Campaign Planning
The web is becoming more sophisticated – did you notice? When you see an advert these days you’ll see the same advert on TV, in the newspaper, magazine, website and these days you’ll probably get it in your Inbox, on Facebook, Google and Linked in and it will either force you to buy something or drive you up the wall.
What’s happening is real planning for your marketing. Few of us actually sell anything any more, we market our goods in the hope someone will visit our website and buy into it. We all do it, most companies have a brochure or business card that resembles their website. Nothing new here.
What I am saying now is that you need to plan for it. The more you can plan the better and it should be dead easy. The simplicity is the key – you know your business… it’s ups and down, when demand might be high or low. When you need to fill a hotel room, run a January Sale, galvanise a system upgrade, provide additional support to clients. I unfortunately as your website design do not.
The solution is a Spreadsheet – so simple and so overlooked… in the rows go the months or ‘time’. In the column should be ‘Last years campaign’, ‘This years campaign’ and ‘Notes’ – pretty much all you need, but of course you can make it more complicated.
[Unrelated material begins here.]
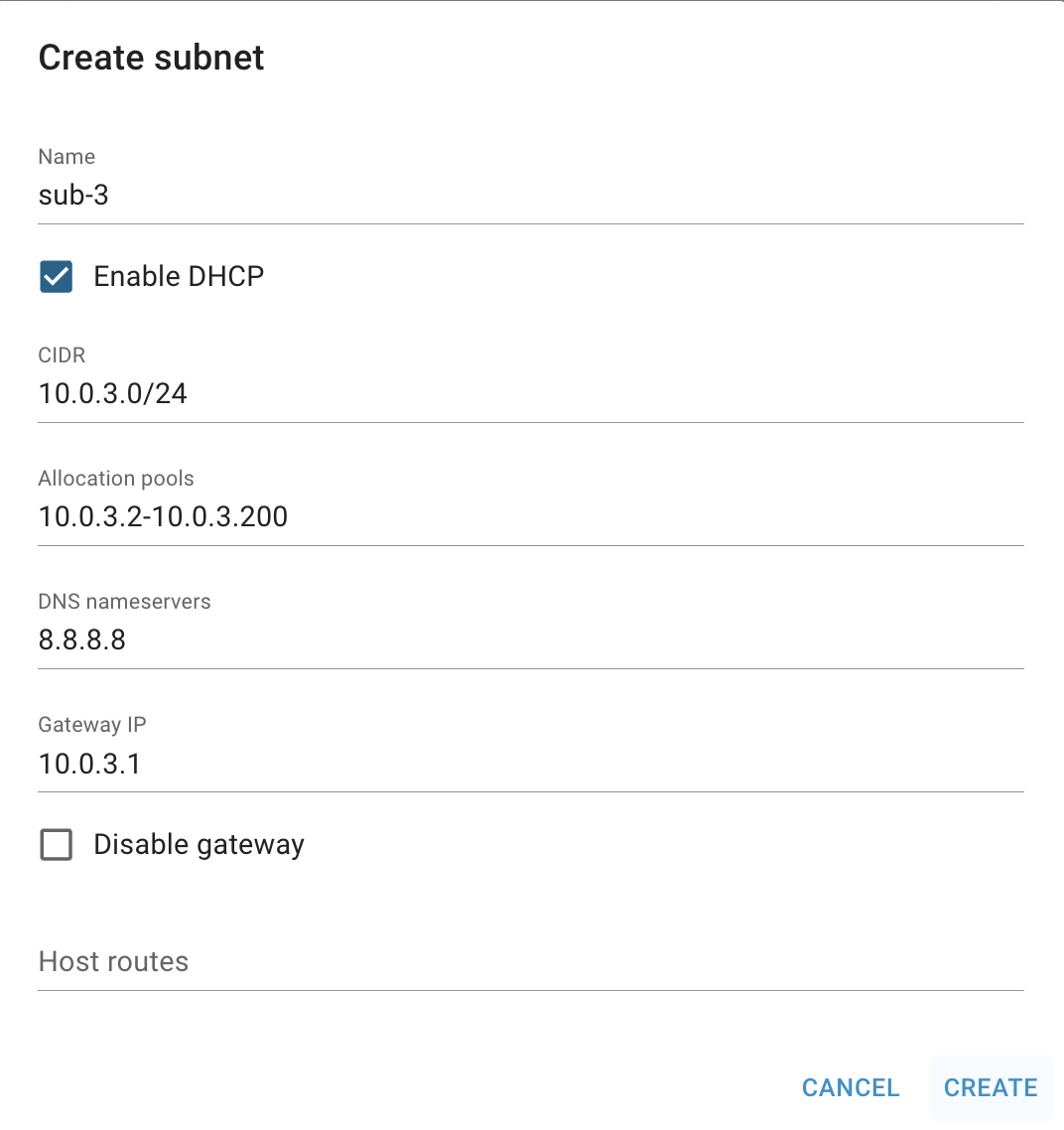 - update the Name, Allocation pools, DNS nameservers, Gateway IP, Host routs or state of DHCP and gateway state on the next opened Edit Subnet window, and click on the SAVE icon: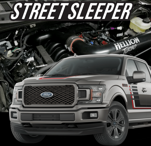 This new generation kit is capable of 600 to 2000+ rwhp! 2015+ F150 performance is now taken to the next level! We have been working on this new system for some time, and the results have been above and beyond our wildest expectations. We have built an all new kit, a full redesign. This new F150 system takes the attributes of our already record breaking “Street Sleeper” Mustang kit, and applies them to the up and coming F150 market. The new “STREET SLEEPER” system fits the 15-24 F150– 2×4 or 4×4– any cab configuration, and comes standard with the legendary Hellion 62/62R ball bearing turbochargers. This standard combination can make well over 1200 rwhp. If higher than 1200 is desired, multiple turbo options are available depending on your power goals. The 64/66R option can take you well over 1600. The air inlets route all the way up to the factory air box (filters can be placed right on turbocharger if chosen, the choice is yours!). Designed for all weather conditions, this all-in-one kit can take your F150 to the next level.

The Marketing Plan is a guide only, everything else happens around it, but if you share it with me on something like Google Docs, I’ll have a rough idea of your whole year’s marketing effort. I can then suggest ideas, plan ahead, adjust your Google Adwords spending, eNewsletter sending and gear your SEO towards your core aims and finally report back on the whole lot..
The simpler the plan, the more flexible it will be… that is why I recommend only the roughest of guidelines that can be changed and adjusted. But the value is incredible, as suddenly everyone in the marketing team will know where they are going.
Take a step back this week and spend just 15 minutes on your marketing plan – and share it with me!